All major and minor vendors in cloud computing are currently polishing their bids for one of the biggest cloud deals the industry has ever seen, as the Department of Defense solicits bids for a 10-year contract to run the military’s cloud. That includes Google, according to a report, which is angling for a piece of business that could provide a huge boost to its image as a cloud vendor while causing a serious amount of internal strife.

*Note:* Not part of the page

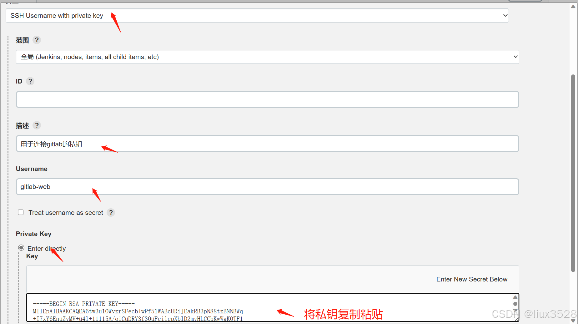 - 添加类型为 "SSH Username with private key" 的凭据,将生成的私钥内容粘贴进去。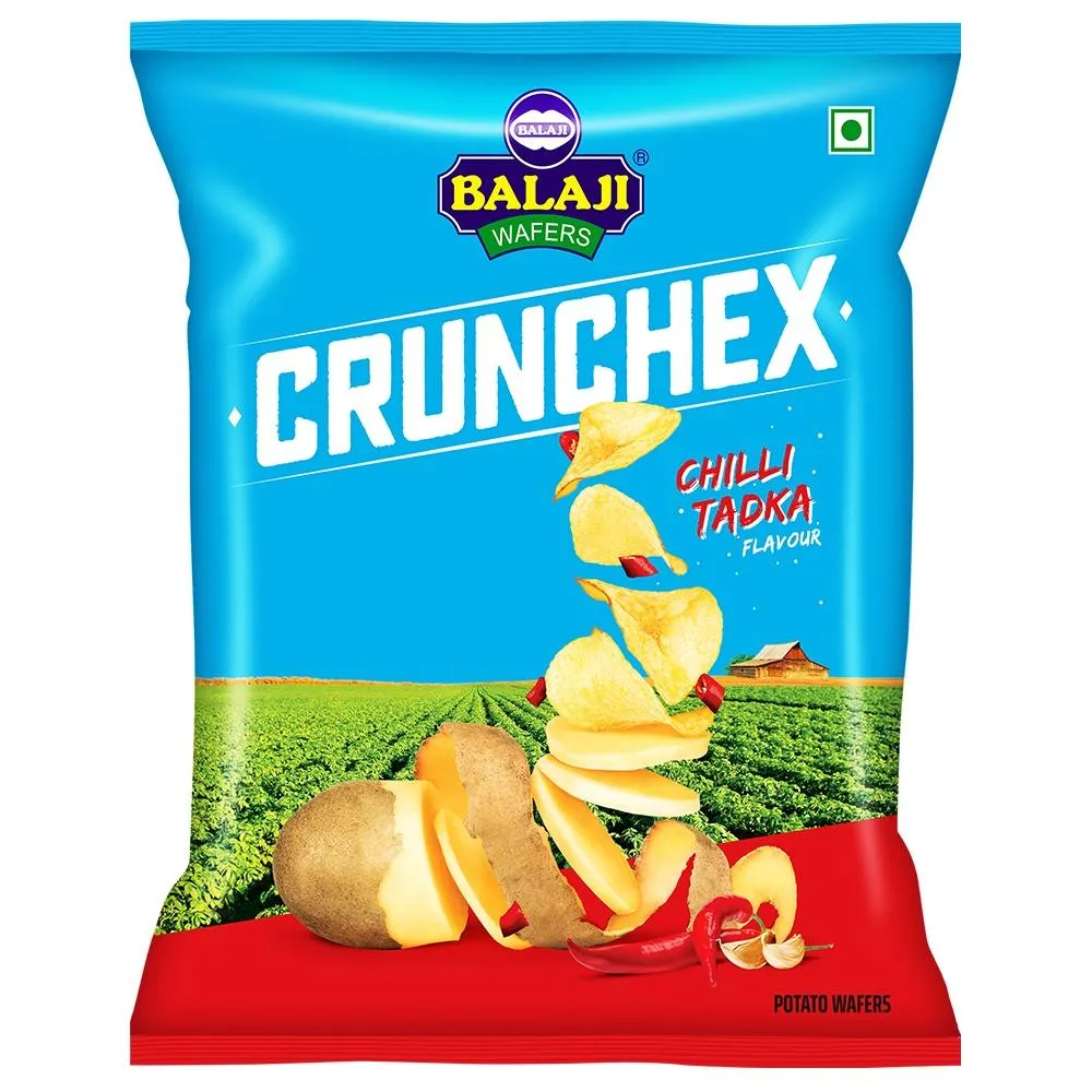 Spice up your snacking game with Balaji Crunchex Chilli Tadka Potato Wafers the ultimate blend of bold spices and crispy potato goodness. A spicy twist on classic potato wafers. Handpicked spices infused in every crisp. Perfect snack for movie nights or parties.

DefenseOne reported Thursday that Google in indeed among the companies preparing bids for the Joint Enterprise Defense Infrastructure (JEDI) project, but it is worried about doing so publicly after 3,100 employees signed a petition criticizing the Maven artificial intelligence deal Google signed with the Air Force. According to the report, Google Cloud CEO Diane Greene held a town hall meeting with Google employees on Wednesday to downplay concerns over Maven, but that apparently didn’t quiet those concerns.

A Google Cloud representative declined to comment on the report.

It is not at all surprising that Google wants to toss its hat into the ring for the JEDI contract. The deal could be worth at least as much as $10 billion — potentially more depending on how the build-out goes — and it would be a huge marketing win for the cloud vendor that sits well behind Amazon Web Services (considered the favorite for the JEDI deal) and Microsoft Azure. After all, if the military trusts Google, why can’t you?

But, as Google likes to emphasize, it is not a conventional company. Google has walked away from business for ideological reasons before, pulling its servers out of China in 2010 after some of its source code was stolen by hackers believed to be working for the Chinese government, and essentially ceding the search market to Baidu.

Alphabet, Google’s parent company, ended 2017 with 80,110 employees. You have to figure the vast majority of those employees work for Google in some fashion, so the concerns of four or five percent of Google employees might not be a huge deterrent to its pursuit of billions in cloud revenue.

But while AWS and Microsoft have publicly stated interest in the bid, and cloud also-ran Oracle is driving all over the Washington D.C. area talking trash about AWS to anyone who will listen, Google’s silence speaks volumes about its position.

Proposals are due around the end of May, and the DoD is expected to pick a winner around September.